Part of me couldn’t help thinking, in the case of that California rent appeal win, how much time and heartache (and probably worse than heartache) would have been saved if the trial court had had a large language model to help it in the first instance. Because between the time the trial court ruled against that tenant and when she won on appeal, I guarantee you it was a couple of years at least. Who knows what happened to her in the meantime, right? So the “think bigger” part of me was like, this is really exciting – let’s give this technology to the trial courts, where judges are trying to juggle so many cases with so many litigants (many of whom will never be able to afford lawyers). Lawyers are never going to be the solution to the crowded state court dockets. So maybe sooner rather than later, we figure out some solutions for trial courts.
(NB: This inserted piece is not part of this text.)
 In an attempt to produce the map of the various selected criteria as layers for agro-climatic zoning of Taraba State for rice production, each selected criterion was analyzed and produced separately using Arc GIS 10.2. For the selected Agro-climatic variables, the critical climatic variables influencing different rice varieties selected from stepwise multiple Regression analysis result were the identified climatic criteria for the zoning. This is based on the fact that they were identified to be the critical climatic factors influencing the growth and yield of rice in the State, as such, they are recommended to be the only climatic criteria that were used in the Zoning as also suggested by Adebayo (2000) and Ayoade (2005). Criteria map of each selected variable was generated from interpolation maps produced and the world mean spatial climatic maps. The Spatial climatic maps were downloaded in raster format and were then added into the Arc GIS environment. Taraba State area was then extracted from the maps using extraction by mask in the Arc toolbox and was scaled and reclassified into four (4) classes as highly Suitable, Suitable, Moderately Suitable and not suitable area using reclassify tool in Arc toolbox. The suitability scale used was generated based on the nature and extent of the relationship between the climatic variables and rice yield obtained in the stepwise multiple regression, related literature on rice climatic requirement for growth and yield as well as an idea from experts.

Jen Leonard: Well, this has been an encouraging episode, I feel. Some big early wins and some very cool experiments – and different parts of the profession coming together. I loved this conversation, and I’m grateful to you, as always, Bridget, for alerting me to some really interesting things happening all around the field.
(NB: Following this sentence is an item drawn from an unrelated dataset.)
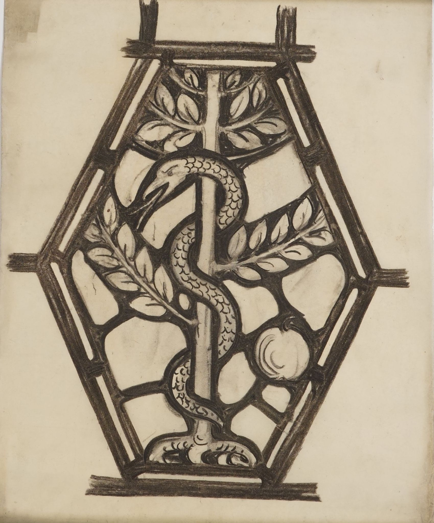 Stained glass scale cartoon, medallion for window in Clairvaux Hall inside St. Bernard's Church, Mt. Lebanon, Pittsburgh, Pennsylvania. Depicts a serpent on a tree next to an apple. See "St. Bernard Church, Mt. Lebanon, Pennsylvania" by Rev. Thomas R. Wilson for more information.Type of Drawing

Bridget McCormack: I was actually participating remotely in a conversation that Dan Linna at Northwestern (who I know you know) was hosting – it was Dan plus a member of the computer science faculty at Northwestern, with a bunch of judges and some court administrators. There were federal judges and state judges from different jurisdictions – some were there in person, some online like I was – and I was encouraged by how open and curious that audience was. It was a small sample size, obviously, not representative of the whole world of judges – but there are certainly judges out there who are feeling the pressure to deliver better on what they took an oath to deliver. And if they think this technology might help them do that, they’re interested. That’s exciting, I think.

Adam is a great voice for helping people get comfortable – because like you said, he’s sort of the fanciest of fancy lawyers.(Laughing) I mean, you phrased it a little more professionally than I did. But the fanciest of fancy lawyers says, like, “Hey, I just ran the experiment, and it did it as well as I could do.” That’s gold, in a way. That’s giving the profession’s giants an opportunity – like, let’s figure out how we might use this to solve some big problems.

Jen Leonard: And to put a really fine point on what you’re saying: if you’re out there and you’re a judge, or a law professor, or a law firm partner – or anybody who feels like you’re carrying the torch alone on this but you’re excited – find Adam’s Substack and send it around to people. Because he is the fanciest of fancy lawyers, and he’s a persuasive voice. I cite him all the time to try to get people excited about this and to persuade them.

Well, thank you. As always, it was great to see you, and great to be with everybody out there. We look forward to seeing you on the next episode of AI and the Future of Law. In the meantime, stay well.